Part of the issue identified in this research is that evaluation of a website’s accessibility is still largely being conducted in-house. This is akin to a student composing an examination, taking it, and then marking it themselves. It carries little validity and no guarantee for the website user. This is also reflected in the low numbers of organisations using third-party external accessibility specialists or carrying any type of certification.
Accessibility statements often state that an organisation is attempting to implement the Web Content Accessibility Guidelines, Version x, to the best of their ability, and providing a means to contact them if a user believes this is not the case.
There have been legal cases where an organisation used an automated tool in-house and were found guilty of lack of accessibility as they were not properly educated in the proper use of even interpreting the results. (Gomez vs GNC https://www.adatitleiii.com/wp-content/uploads/sites/121/2018/09/GNC-Decision-S.D.-Fla..pdf)

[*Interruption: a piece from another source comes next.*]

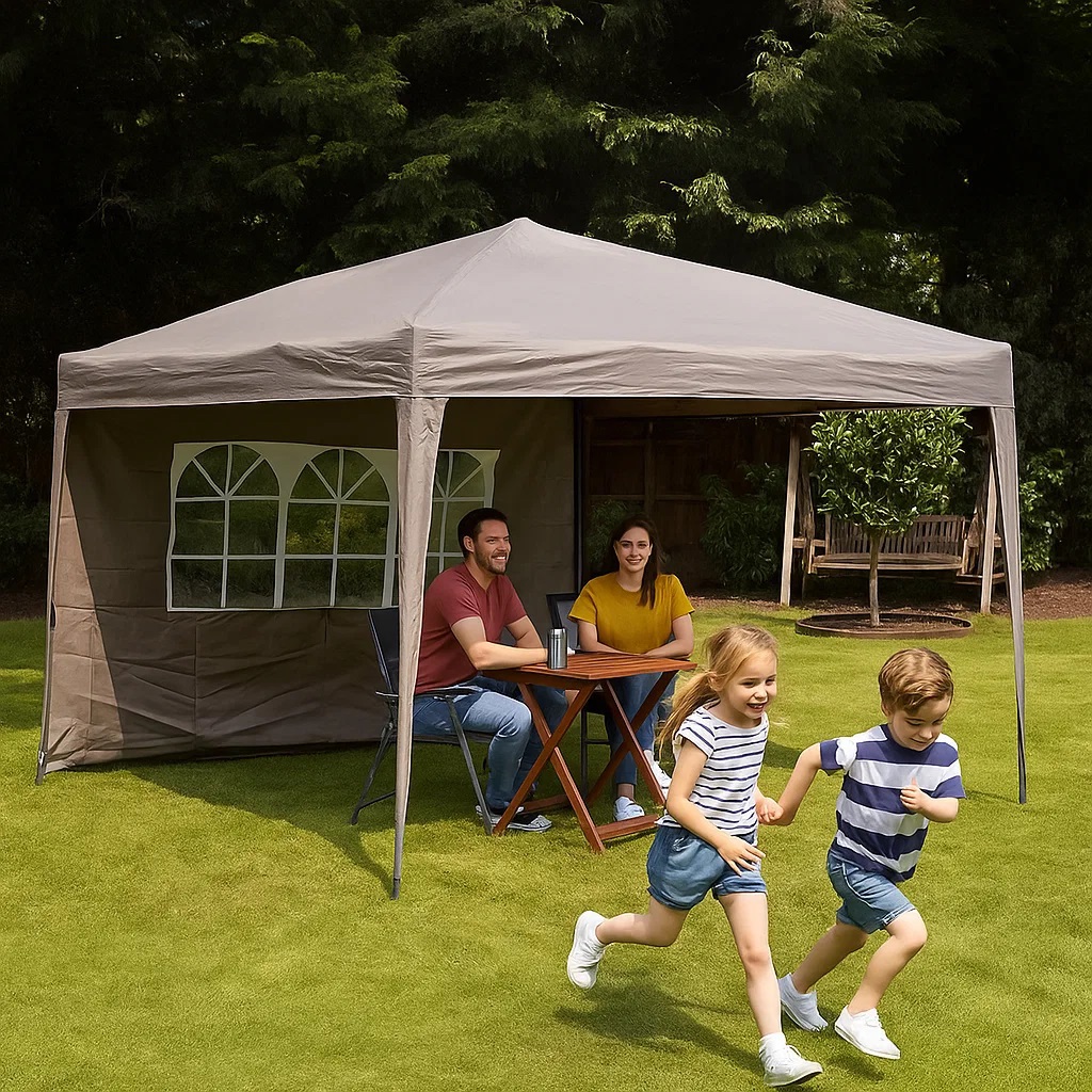 Crafted with 100% aluminium construction, this gazebo is completely rust-free, ensuring long-lasting durability. The easy-up design allows for quick assembly, so you can enjoy the outdoors with minimal effort. Whether you want to embrace the sunshine or seek protection from an unexpected shower, the included side curtain offers flexible coverage to suit all weather conditions.
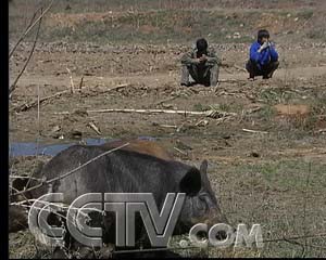 村民們一致贊成改良換代,重新圍山。為了保證野豬肉的品質(zhì),在重新引水上山,圍劃山林的這段時間,村民采用了權(quán)宜之計,每天像放羊似的,牽 著野豬上山放風(fēng),但每天黃昏野豬回圈,太平山村里就要上演各式各樣的抓豬行動。雖然是勞神費力,但能賣個好價錢,大家都覺得值,更何況,這熱鬧的景象還吸 引來了新的投資。

The researchers asked organisational respondents if they used any standards for procurement such as EN 301549 or AS EN 301549. 49% stated they did, 30% stated they did not, and 21% were not sure. However, they were not clear on how they evaluated tender responses in accordance with those standards. Only 17% stated they needed a third-party validation as proof of accessibility compliance. Of organisations who required proof, 19% stated they required some examples of accessible websites created. However, it was not clear how they would examine those websites to determine if they were actually accessible. Hence, the prevalence of in-house validation and claims.
Once digital accessibility is more clearly mandated, with rules stipulating how claims can be made, and who can claim to be an accessibility expert, we may see improvement of this situation.